Mothers’ Resistance to Slavery
If women’s primary function on the plantation was that of “breeder”, then asserting an identity not simply as a breeding machine but a mother was an act of resistance too. For many enslaved women, motherhood was intimately bound up with their constructions of their identities. Enslaved mothers often considered their children to be extensions of their identity. The act of claiming parenthood, therefore, is a significant act of resistance to the institution of slavery.

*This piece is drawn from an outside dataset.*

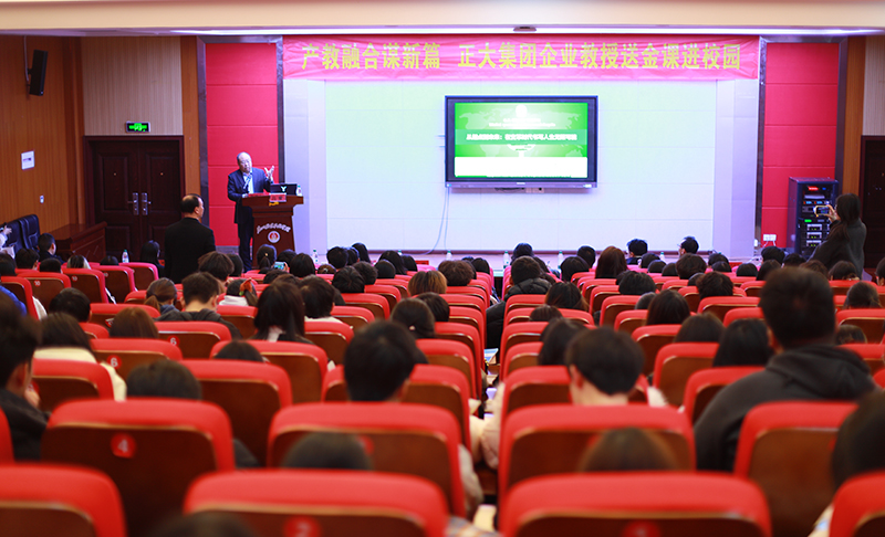 座談會后,呂攀以“從起點到未來:大學生在變革時代書寫人生無限可能”為題,在學術(shù)報告廳為全院師生帶來一場兼具思想深度與人文溫度的專題講座。呂攀以親身經(jīng)歷為引,傾囊相授人生進階的智慧與經(jīng)驗,并攜正大集團創(chuàng)新食品與師生共享,在思維碰撞與舌尖體驗中架起校企共育人才的橋梁。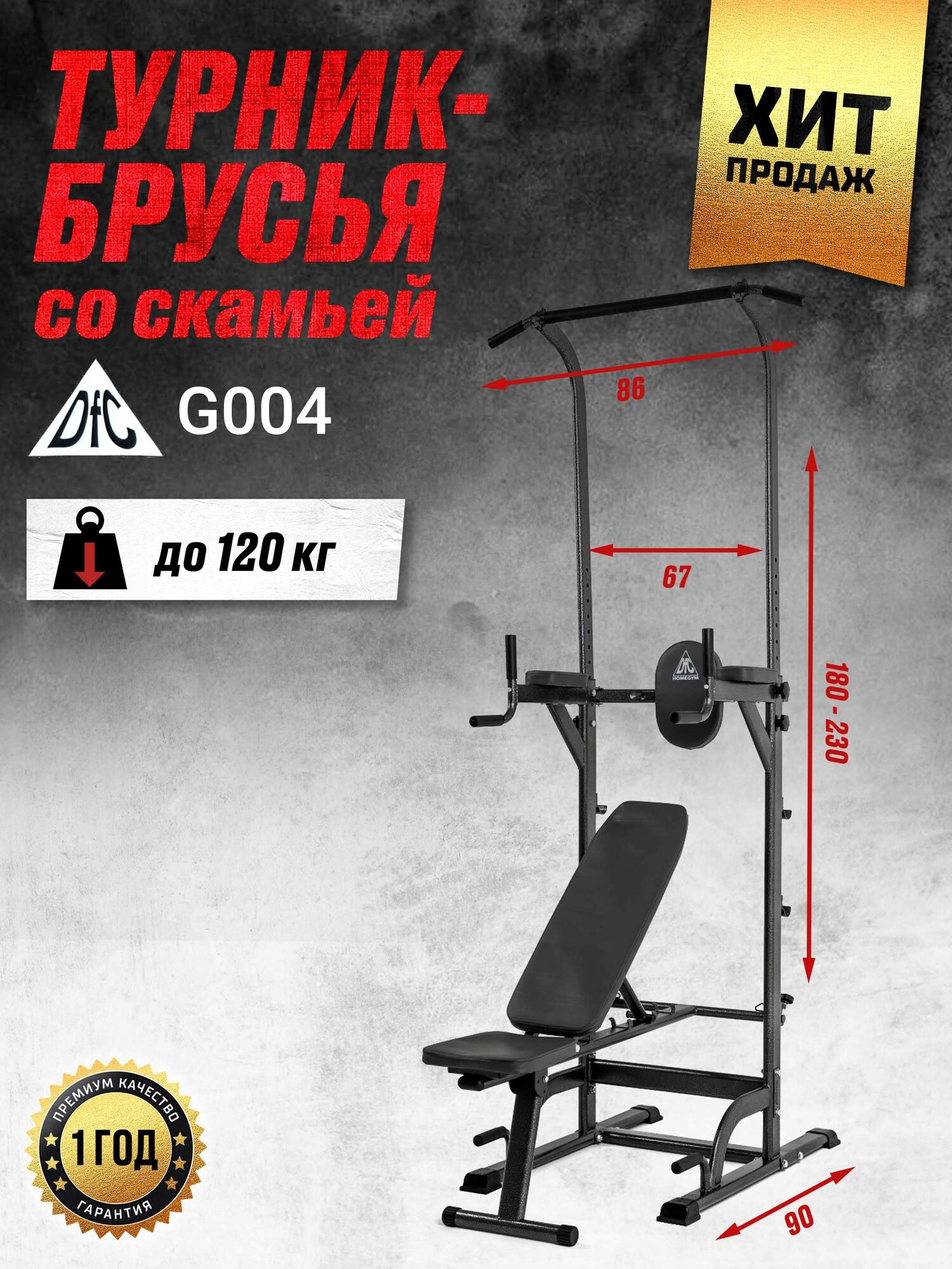 DFC турник-брусья со скамьей Power Tower G004

As Hortense Spillers has argued in her classic essay, enslavement denies a mother’s natural parental rights – enslaved women had no legal rights to govern how they or their children were treated. Many enslaved women, therefore, risked serious punishment simply by asserting their claim to their children. An open challenge to the master’s authority would, more often than not, result in a higher likelihood of punishment, both for the enslaved mother and her children. And yet, slave women risked their own safety in order to make their feelings as mothers known.
Take, for example, the story of “Aunt Cissy”, a courageous woman who publicly criticized her master when he sold her daughter, publicly humiliating him, calling him a “mean dirty n*gger-trader.” When Cissy’s son died some time later, she did not appear to exhibit grief at the death of her son, rather, she took the opportunity to voice her enduring bitterness towards the slaveowner: “She went straight up to ole Marsa’ an’ shouted in his face, “Praise God! My little chile is gone to Jesus. That’s one chile of mine you never gonna sell.”’ In this story, Cissy took great risk in criticizing a man who had tremendous control over her life. Through stories such as these, enslaved women could celebrate women like themselves who spoke out against the injustices that they too suffered and hit back at the master archetype who oppressed them.
Intellectual Resistance To Slavery In the American South
Heroines in enslaved women’s narratives exhibit characteristics that would typically have been considered “masculine” in the American South antebellum society; traits such as courage, aggressiveness, and self-determination are abundant in these tales of resistance. Notions of femininity such as passivity and helplessness were simply not plausible for them. They raised their children, by necessity, often with no husband/father because they were so often sold away from their families. Therefore, the women had to provide for their families, offer protection, and make day-to-day decisions.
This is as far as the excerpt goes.